The Problem
Mira leads a 12-person engineering team that adopted Claude Code six months ago. Usage is high — developers love it — but the results are wildly inconsistent:
- Fragmented setups — Each developer has their own CLAUDE.md (or none). The agent behaves completely differently per person.
- Context amnesia — Every session starts from scratch. Claude doesn't remember that we switched to tRPC, that we deprecated the old auth module, or that we agreed on hexagonal architecture three months ago.
- No guardrails — Last week, a junior dev asked Claude to "clean up the project" and it deleted the entire
/scriptsdirectory. Didn't break main (they caught it in PR review), but it was close. - Inconsistent quality — Some developers get great results. Others get hallucinated APIs, wrong patterns, and code that doesn't fit the codebase. Nobody knows why.

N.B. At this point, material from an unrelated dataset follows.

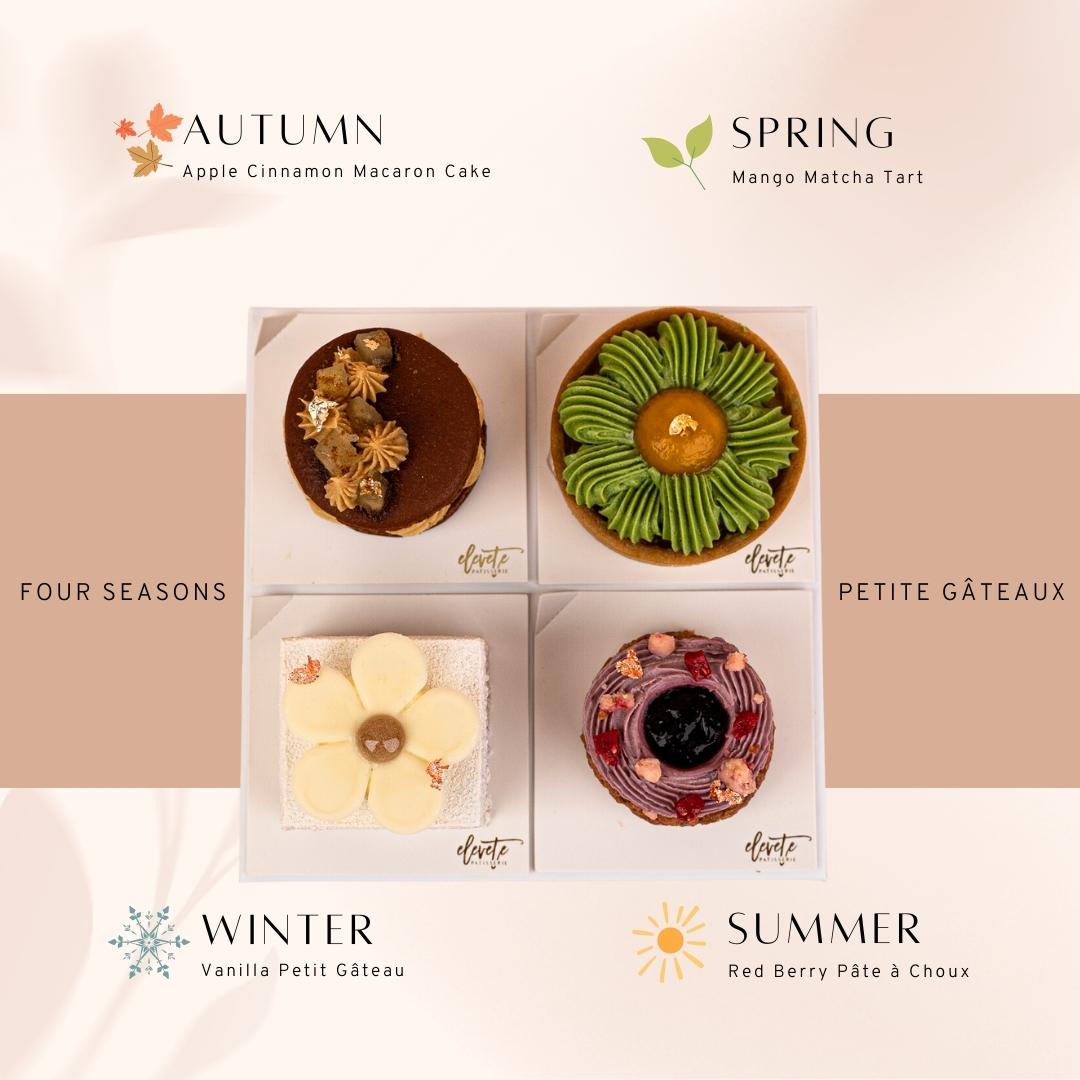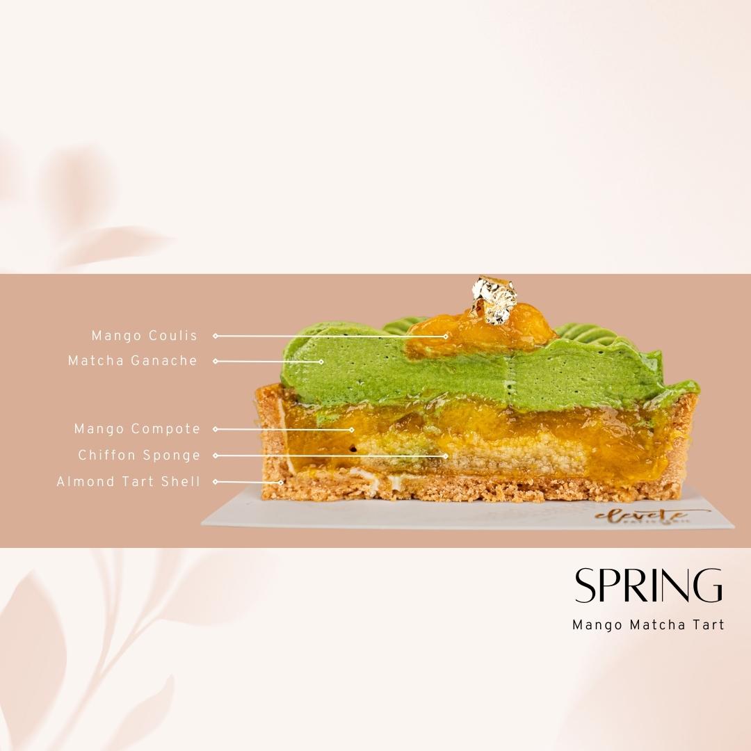 Continue your journey with Spring, a tart with mellow grassy notes and touch of bitterness from the matcha ganache, paired with a refreshing mango compote brings the perfect balance of fruity and earthy with just the right amount of sweetness.

- Zero measurement — They know Claude Code is "helpful" but can't quantify it. No data on task completion rate, context efficiency, or error patterns.
The team needs Claude Code to feel like a single, well-trained senior engineer that knows the codebase — not 12 random contractors with different instructions.
The Solution
Use everything-claude-code to implement a complete agent harness system: standardized CLAUDE.md templates, a shared skills library, memory persistence hooks, security guardrails, and measurement infrastructure.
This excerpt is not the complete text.